▸ **RECORDS SUPPLIED**
|---|

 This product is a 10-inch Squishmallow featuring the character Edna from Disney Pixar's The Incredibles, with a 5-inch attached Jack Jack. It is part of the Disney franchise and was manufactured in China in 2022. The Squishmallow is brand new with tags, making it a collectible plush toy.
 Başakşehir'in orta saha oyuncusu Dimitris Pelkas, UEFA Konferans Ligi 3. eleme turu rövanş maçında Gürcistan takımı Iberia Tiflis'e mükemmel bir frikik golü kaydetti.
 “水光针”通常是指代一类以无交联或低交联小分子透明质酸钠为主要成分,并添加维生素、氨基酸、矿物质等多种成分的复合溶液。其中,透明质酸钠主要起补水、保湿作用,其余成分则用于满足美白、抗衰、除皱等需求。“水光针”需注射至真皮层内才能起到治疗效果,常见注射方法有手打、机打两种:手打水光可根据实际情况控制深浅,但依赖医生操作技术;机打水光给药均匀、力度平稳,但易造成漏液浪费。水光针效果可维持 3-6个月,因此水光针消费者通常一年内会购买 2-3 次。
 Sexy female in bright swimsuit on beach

|---|

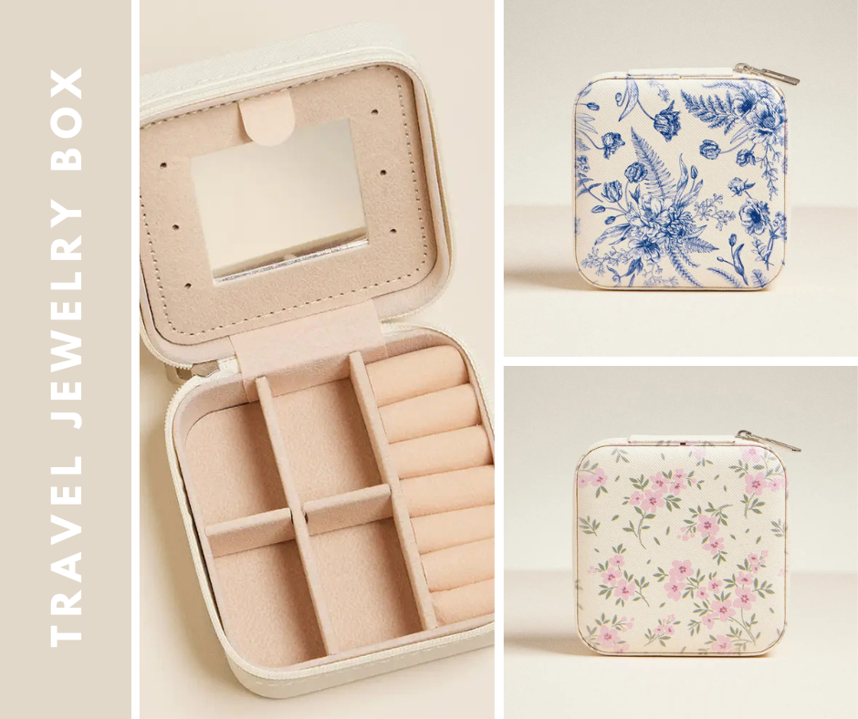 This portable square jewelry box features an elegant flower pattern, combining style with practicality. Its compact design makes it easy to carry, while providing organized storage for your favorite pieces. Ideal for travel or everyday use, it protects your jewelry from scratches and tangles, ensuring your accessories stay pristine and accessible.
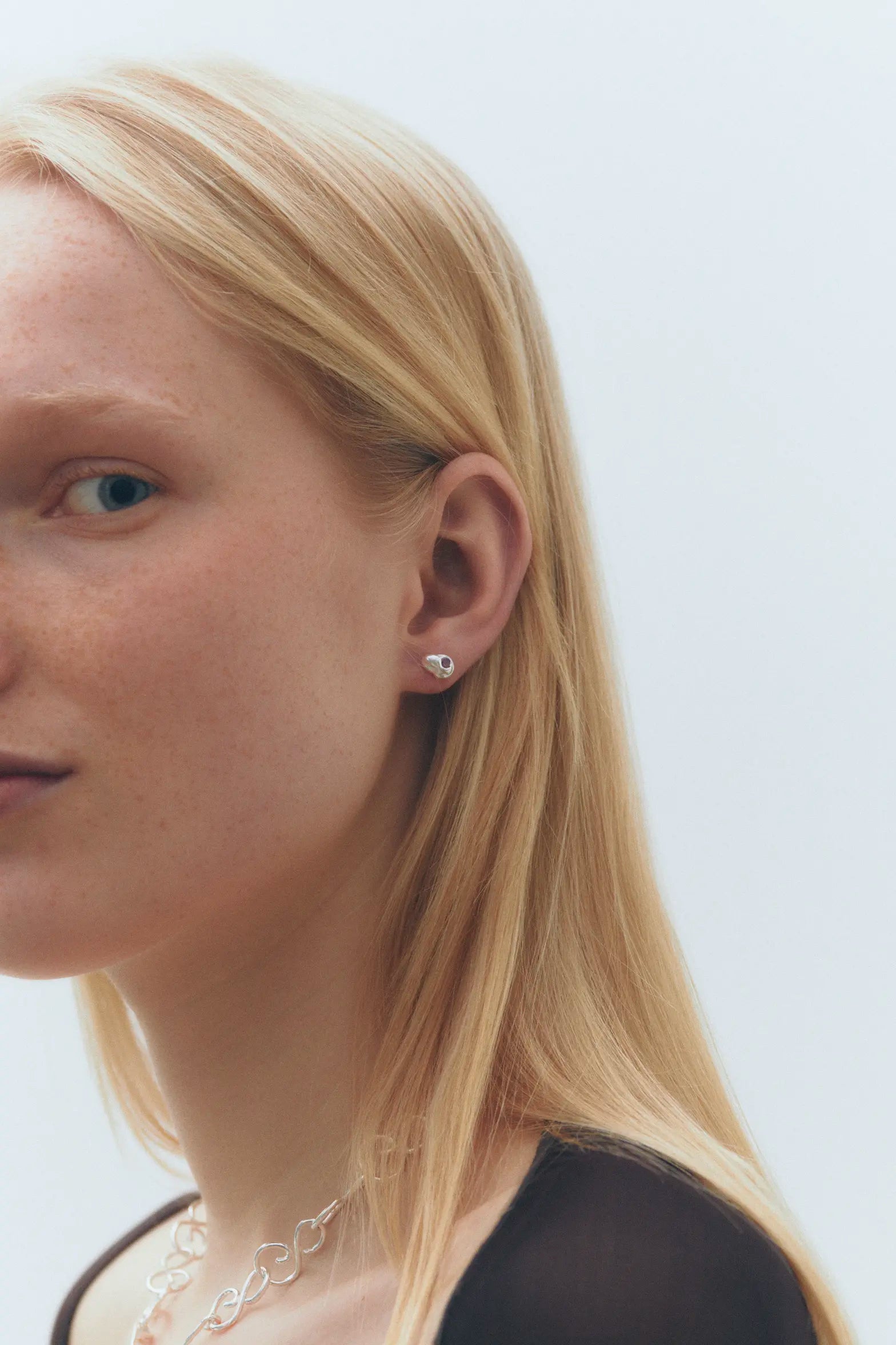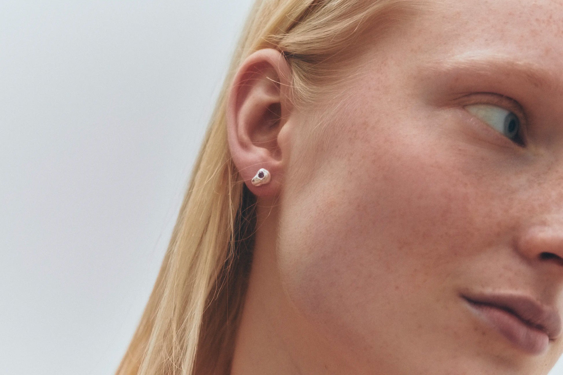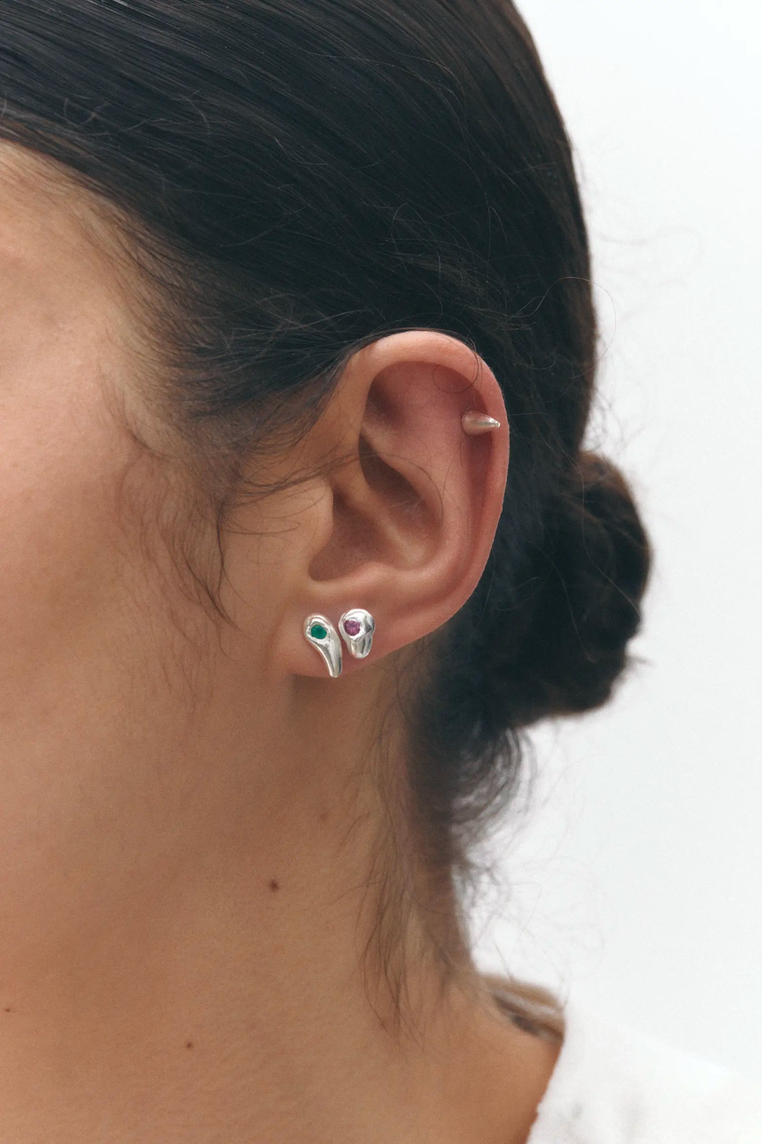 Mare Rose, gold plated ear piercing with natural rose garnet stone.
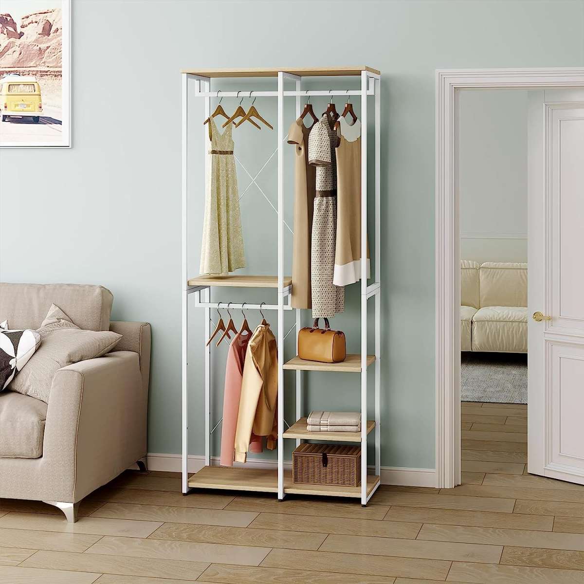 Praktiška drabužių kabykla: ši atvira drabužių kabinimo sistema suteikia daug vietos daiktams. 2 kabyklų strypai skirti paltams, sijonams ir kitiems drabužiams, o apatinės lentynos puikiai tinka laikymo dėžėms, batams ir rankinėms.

|---|

▸ **WHAT IS EXPECTED**
Extract, without any images, the part of the material above that opens with the line containing "Mare Rose, gold" and closes with the line containing "Praktiška drabužių kabykla: ši", both lines included.

▸ **TASK ANSWER**
 Mare Rose, gold plated ear piercing with natural rose garnet stone.
 Praktiška drabužių kabykla: ši atvira drabužių kabinimo sistema suteikia daug vietos daiktams. 2 kabyklų strypai skirti paltams, sijonams ir kitiems drabužiams, o apatinės lentynos puikiai tinka laikymo dėžėms, batams ir rankinėms.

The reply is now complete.